:: DATA RECORDS ::

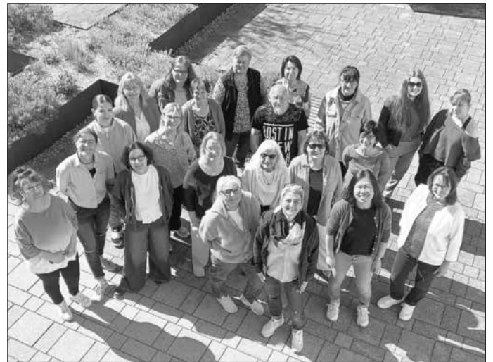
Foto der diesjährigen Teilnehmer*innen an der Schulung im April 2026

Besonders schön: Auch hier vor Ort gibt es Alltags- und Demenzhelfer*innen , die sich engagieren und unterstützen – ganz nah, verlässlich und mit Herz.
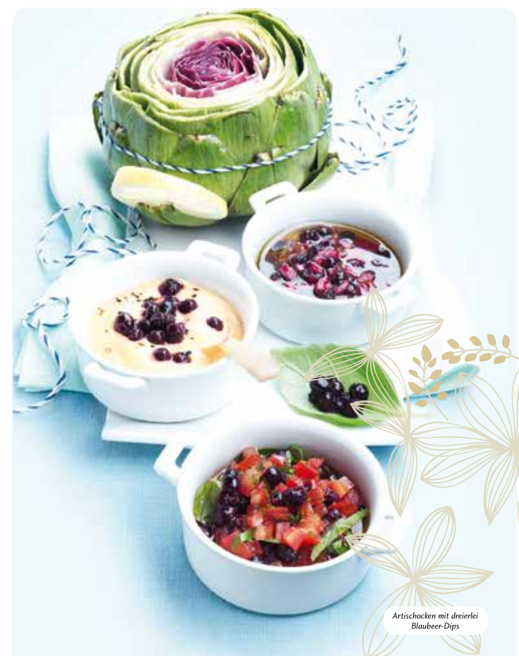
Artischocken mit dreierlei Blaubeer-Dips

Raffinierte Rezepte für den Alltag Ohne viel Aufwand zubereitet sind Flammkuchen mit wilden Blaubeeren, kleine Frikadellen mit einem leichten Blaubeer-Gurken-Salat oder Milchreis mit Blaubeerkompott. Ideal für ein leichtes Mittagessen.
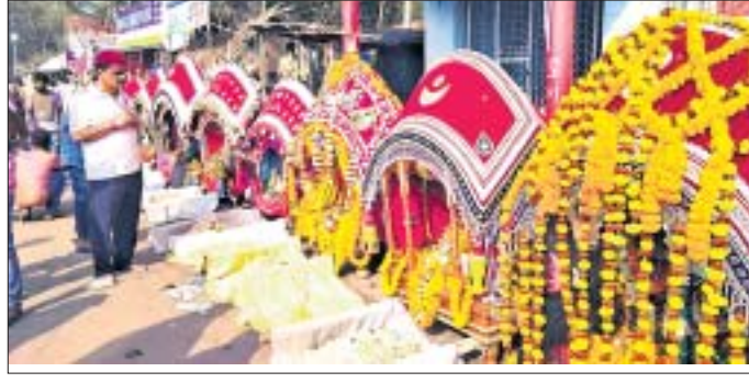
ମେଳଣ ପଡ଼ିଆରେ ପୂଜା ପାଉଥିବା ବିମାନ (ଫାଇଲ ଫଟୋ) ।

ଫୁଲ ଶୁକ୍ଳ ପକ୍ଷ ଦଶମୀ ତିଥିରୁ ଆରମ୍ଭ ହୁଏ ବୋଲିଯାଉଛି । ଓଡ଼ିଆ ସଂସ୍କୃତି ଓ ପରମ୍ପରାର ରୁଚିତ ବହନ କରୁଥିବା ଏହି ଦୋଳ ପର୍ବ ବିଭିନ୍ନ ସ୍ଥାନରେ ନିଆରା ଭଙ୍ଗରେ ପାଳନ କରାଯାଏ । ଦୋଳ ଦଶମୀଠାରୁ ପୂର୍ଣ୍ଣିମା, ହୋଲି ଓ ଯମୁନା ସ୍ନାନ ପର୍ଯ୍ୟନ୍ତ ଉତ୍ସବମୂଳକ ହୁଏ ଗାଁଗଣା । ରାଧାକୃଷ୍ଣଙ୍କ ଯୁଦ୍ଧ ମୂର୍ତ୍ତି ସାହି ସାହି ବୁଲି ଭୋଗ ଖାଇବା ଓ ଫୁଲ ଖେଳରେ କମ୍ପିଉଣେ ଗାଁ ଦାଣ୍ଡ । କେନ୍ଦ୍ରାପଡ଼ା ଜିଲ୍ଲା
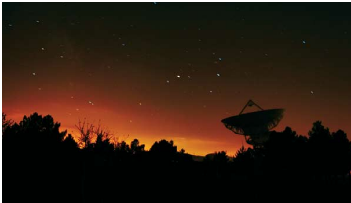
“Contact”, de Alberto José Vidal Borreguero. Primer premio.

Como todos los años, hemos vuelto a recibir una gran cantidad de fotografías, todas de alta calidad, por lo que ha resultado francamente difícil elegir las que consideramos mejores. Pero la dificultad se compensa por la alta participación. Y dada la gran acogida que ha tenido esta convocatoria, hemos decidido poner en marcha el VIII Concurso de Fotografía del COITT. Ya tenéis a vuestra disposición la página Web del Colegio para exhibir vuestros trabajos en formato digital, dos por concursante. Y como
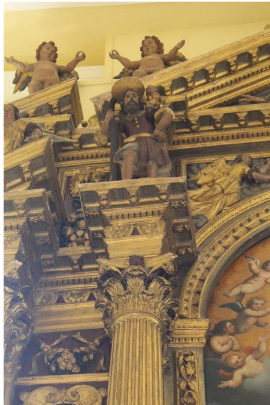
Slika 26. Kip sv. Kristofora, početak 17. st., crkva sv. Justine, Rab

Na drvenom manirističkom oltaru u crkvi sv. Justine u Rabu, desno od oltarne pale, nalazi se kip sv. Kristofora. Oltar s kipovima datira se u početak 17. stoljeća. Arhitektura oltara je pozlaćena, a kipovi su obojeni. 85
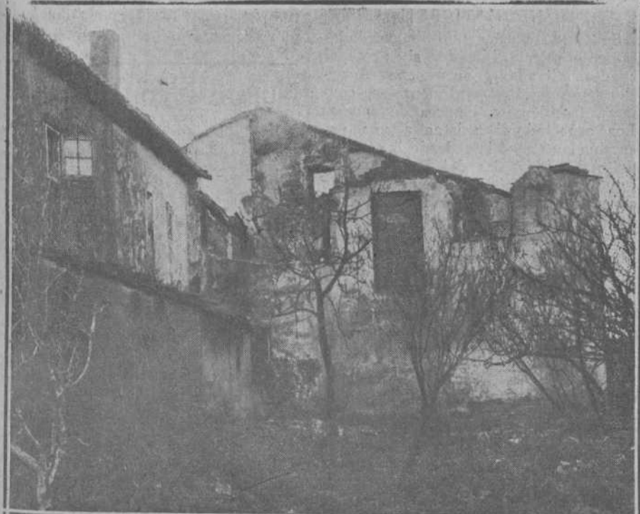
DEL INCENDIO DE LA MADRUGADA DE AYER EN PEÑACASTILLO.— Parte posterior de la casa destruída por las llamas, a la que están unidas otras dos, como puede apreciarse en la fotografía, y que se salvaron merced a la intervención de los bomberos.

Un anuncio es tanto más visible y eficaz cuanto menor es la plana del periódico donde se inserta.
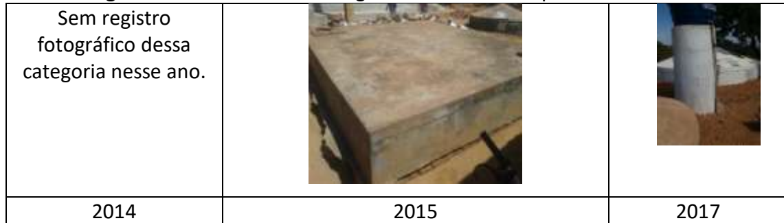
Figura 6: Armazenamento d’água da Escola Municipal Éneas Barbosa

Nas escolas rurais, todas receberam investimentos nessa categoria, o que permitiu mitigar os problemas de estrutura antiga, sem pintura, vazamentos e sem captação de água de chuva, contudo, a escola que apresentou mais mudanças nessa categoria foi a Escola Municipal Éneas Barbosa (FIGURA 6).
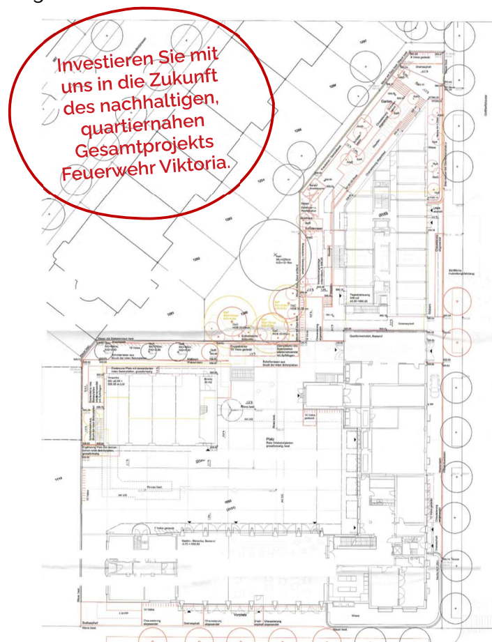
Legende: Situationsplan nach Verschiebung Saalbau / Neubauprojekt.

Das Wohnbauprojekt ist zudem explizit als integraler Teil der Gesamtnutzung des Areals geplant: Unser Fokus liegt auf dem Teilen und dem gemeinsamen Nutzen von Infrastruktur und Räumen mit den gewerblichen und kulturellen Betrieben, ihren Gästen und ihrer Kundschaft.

:::

### DIRECTIONS
Copy every line from the records that holds the string "Municipal".

### EXERCISE SOLUTION
Figura 6: Armazenamento d’água da Escola Municipal Éneas Barbosa
Nas escolas rurais, todas receberam investimentos nessa categoria, o que permitiu mitigar os problemas de estrutura antiga, sem pintura, vazamentos e sem captação de água de chuva, contudo, a escola que apresentou mais mudanças nessa categoria foi a Escola Municipal Éneas Barbosa (FIGURA 6).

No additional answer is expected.